◆ Problem
Output the line containing "M1.6 M2 M2.5" and each line after it through the end of the data, exactly as written, with pictures left out.

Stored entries
───
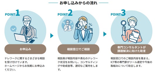テレワークトータルサポート事業の相談窓口では、相談員が相談内容や貴社のテレワーク状況をお伺いします。
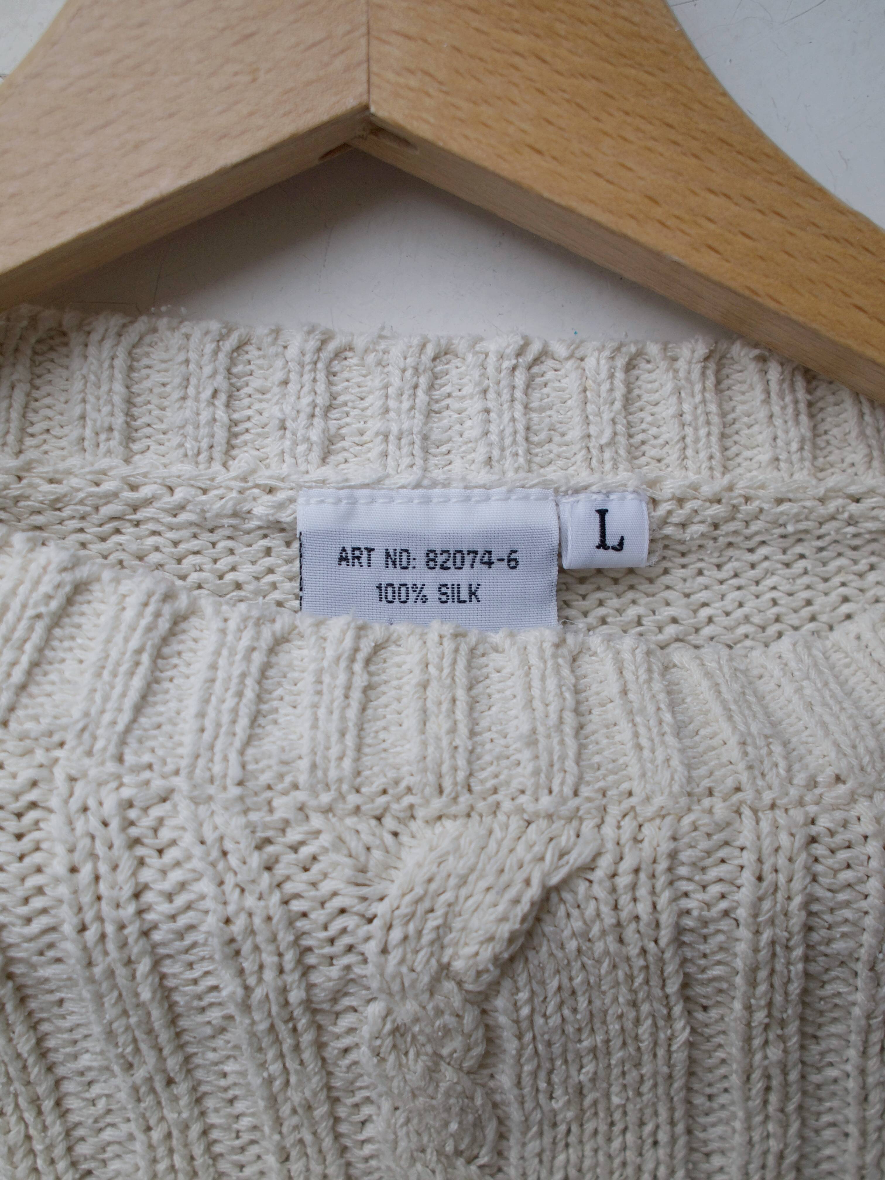 Unikatowy sweter vintage, w 100% wykonany z surowego jedwabiu. Sweter ma drobne „kuleczki”, jest to naturalna cecha surowego jedwabiu.
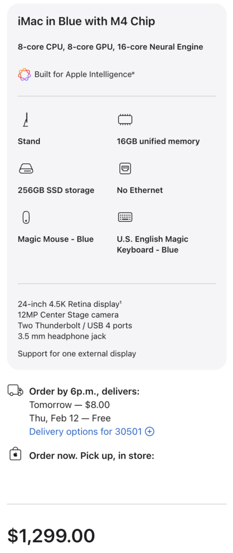 So as you can tell, the base iMac does not include Touch ID or Ethernet by default; configuring that to both of these options would set you back $110 in total, bringing the price from $1,299 to $1,409 (and that’s before any memory/capacity upgrades):
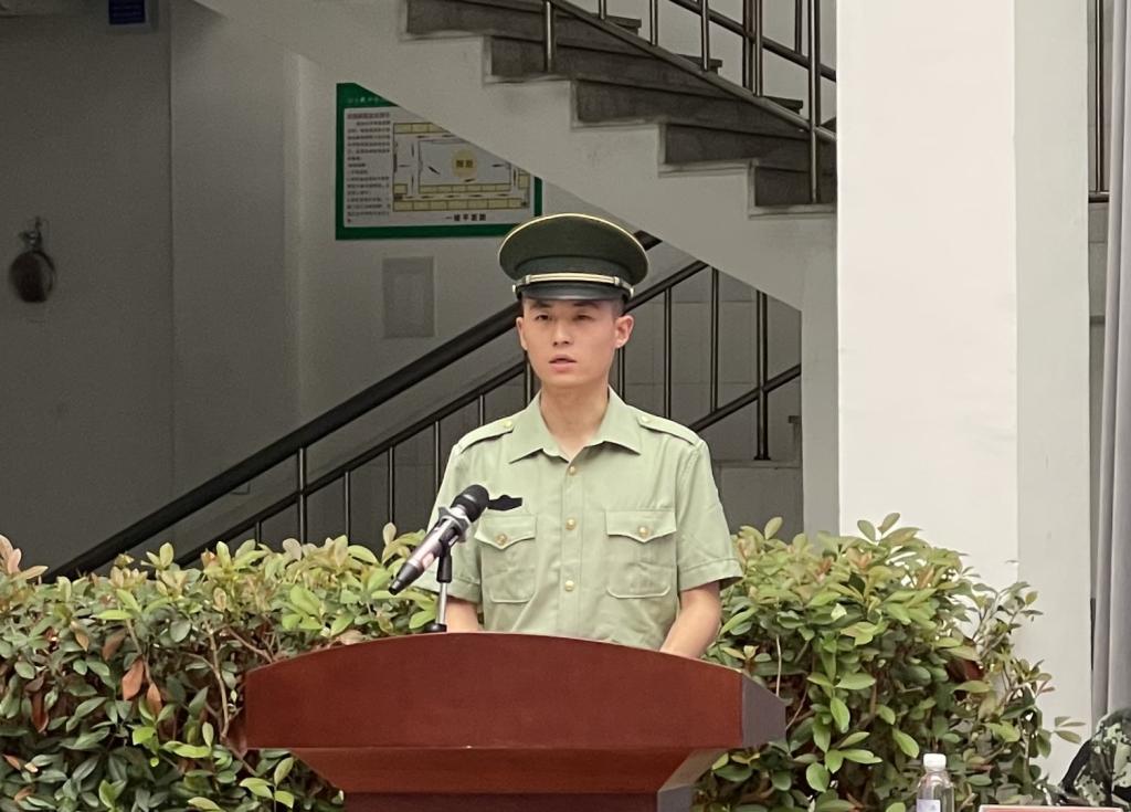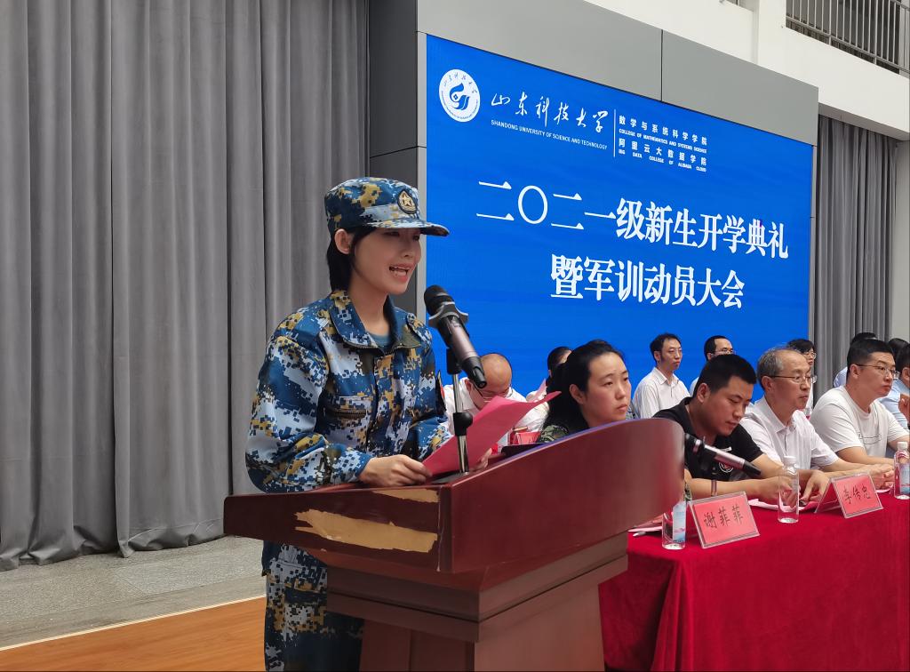 在军训动员大会上,2018级数学与应用数学专业退役复学学生商光先上台发言,他分享了自己在部队期间的成长与感悟,“宝剑锋从磨砺出,梅花香自苦寒来。没有挑战的人生是不完美的,没有考验的生活是不完整的”,他希望同学们能在接下来的军训中勇于坚持,奋力拼搏,不给自己的大学生活与人生留下遗憾。
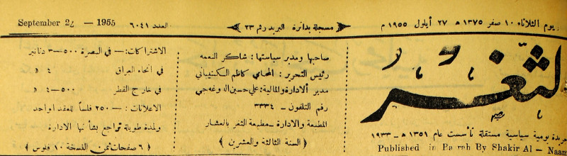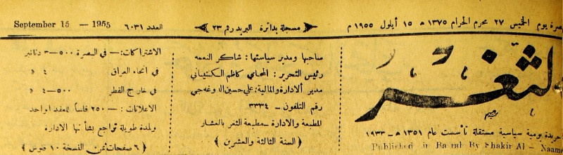 جريدة يومية سياسية عامة = AL-Thaghr : A Daily Newspaper
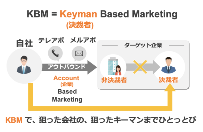 マーケティング活動におけるターゲティングを「会いたい企業(Account)」を超えた「会いたいキーマン・決裁者(Keyman)」まで絞って接点を作ることで、より効率的なマーケティング活動を行うことができる『KBM(Keyman Based Marketing)モデル』の開発と提供を進めています。
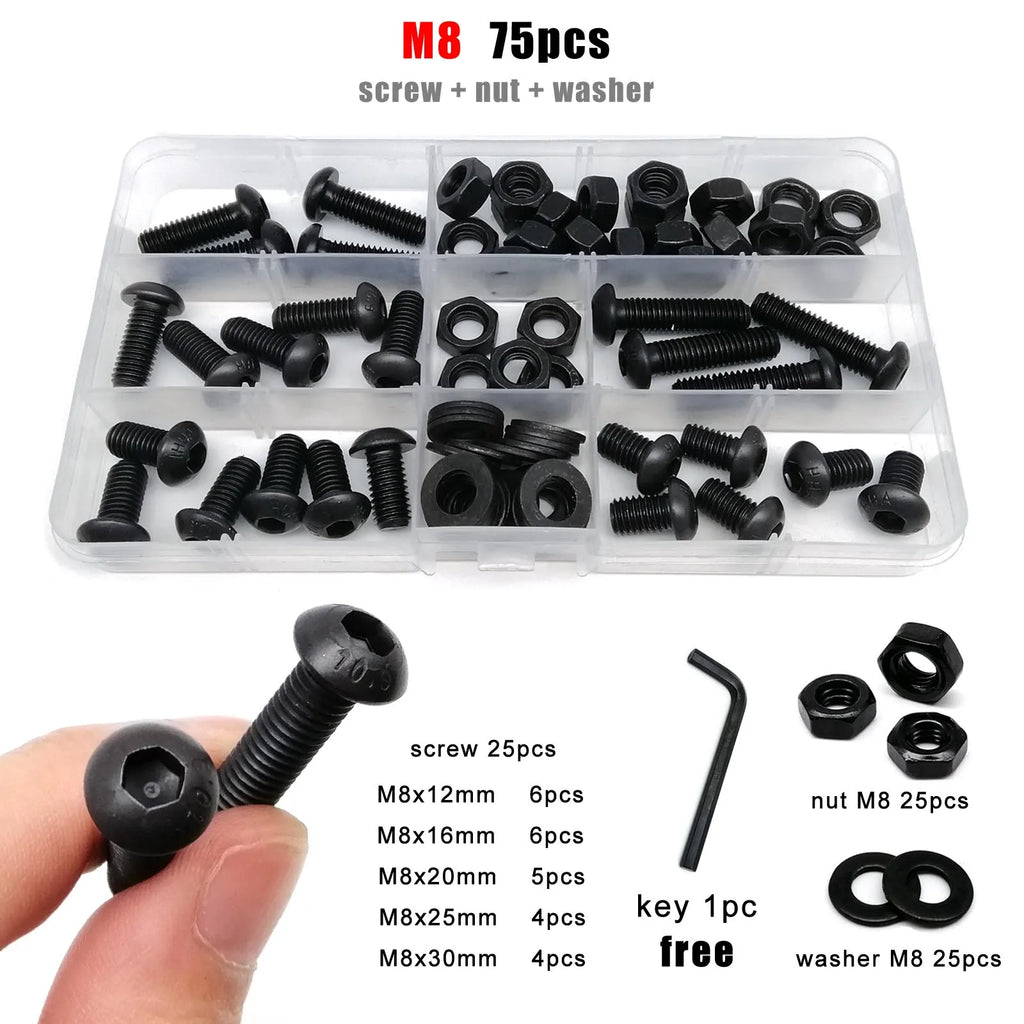 M1.6 M2 M2.5 M3 M4 M5 M6 M8 Black Grade 10.9 Steel Allen Hexagon Hex Socket Button Round Head Screw Bolt Nut Washer Kit Set Box
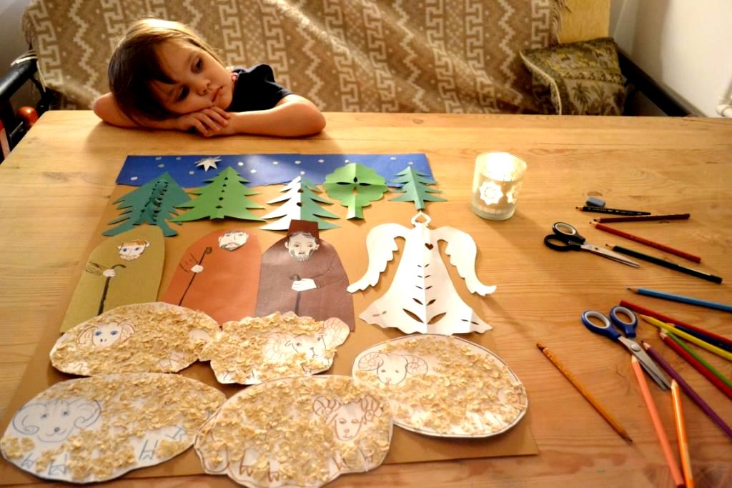Каждый пастух состоит из трёх частей: тела, головы и руки, держащей посох. Тело вырезаем из тёмного листа А4. Мы взяли три коричневых оттенка. Форма тела пастуха напоминает матрёшку, по принципу матрёшки изображается и голова: рисуем лицо на белой бумаге, вырезаем и наклеиваем портрет в верхней части тела. Карандашами рисуем рукав и посох, к посоху приклеиваем вырезанную из белой бумаги руку, выглядывающую из рукава. Ангела мы тоже вырезали из листа А4 белой бумаги, сложенной вдоль. Рисовать его просто: голова – половинка круга, одеяние – трапеция, и крыло. При желании можно обогатить изображение деталями.
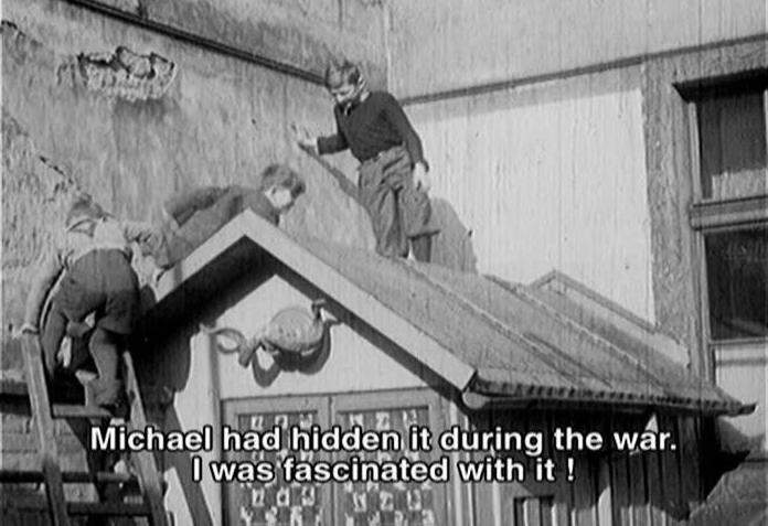 One of the eight episodes, entitled 'Small Russian Clouds of Smoke' follows the fortunes of the Popov family, who were Czarist Russian emigres to Czechoslovakia, having fled from the Bolshivek revolution. They never fully assimilated into Czech culture, failed to learn the language, and tried to maintain their Russian culture in a strange land. The family and their friends spent much of their time in a Bohemian summer resort, Kologeje, where some of of the most interesting footage was shot. One image shows a carousel where children in that town are having fun. Notice the boy in the foreground, about 12 years old, who is wearing a short-trousers suit with a Schiller collar and white long stockings. This episode dates from the early 1920s. A later shot, taken in the early 1940s, shows a 5-year-old boy of the Popov family with a girl passenger riding his tricycle and wearing H-bar shorts with tan long stockings.
───
◆ Problem solution
 M1.6 M2 M2.5 M3 M4 M5 M6 M8 Black Grade 10.9 Steel Allen Hexagon Hex Socket Button Round Head Screw Bolt Nut Washer Kit Set Box
Каждый пастух состоит из трёх частей: тела, головы и руки, держащей посох. Тело вырезаем из тёмного листа А4. Мы взяли три коричневых оттенка. Форма тела пастуха напоминает матрёшку, по принципу матрёшки изображается и голова: рисуем лицо на белой бумаге, вырезаем и наклеиваем портрет в верхней части тела. Карандашами рисуем рукав и посох, к посоху приклеиваем вырезанную из белой бумаги руку, выглядывающую из рукава. Ангела мы тоже вырезали из листа А4 белой бумаги, сложенной вдоль. Рисовать его просто: голова – половинка круга, одеяние – трапеция, и крыло. При желании можно обогатить изображение деталями.
 One of the eight episodes, entitled 'Small Russian Clouds of Smoke' follows the fortunes of the Popov family, who were Czarist Russian emigres to Czechoslovakia, having fled from the Bolshivek revolution. They never fully assimilated into Czech culture, failed to learn the language, and tried to maintain their Russian culture in a strange land. The family and their friends spent much of their time in a Bohemian summer resort, Kologeje, where some of of the most interesting footage was shot. One image shows a carousel where children in that town are having fun. Notice the boy in the foreground, about 12 years old, who is wearing a short-trousers suit with a Schiller collar and white long stockings. This episode dates from the early 1920s. A later shot, taken in the early 1940s, shows a 5-year-old boy of the Popov family with a girl passenger riding his tricycle and wearing H-bar shorts with tan long stockings.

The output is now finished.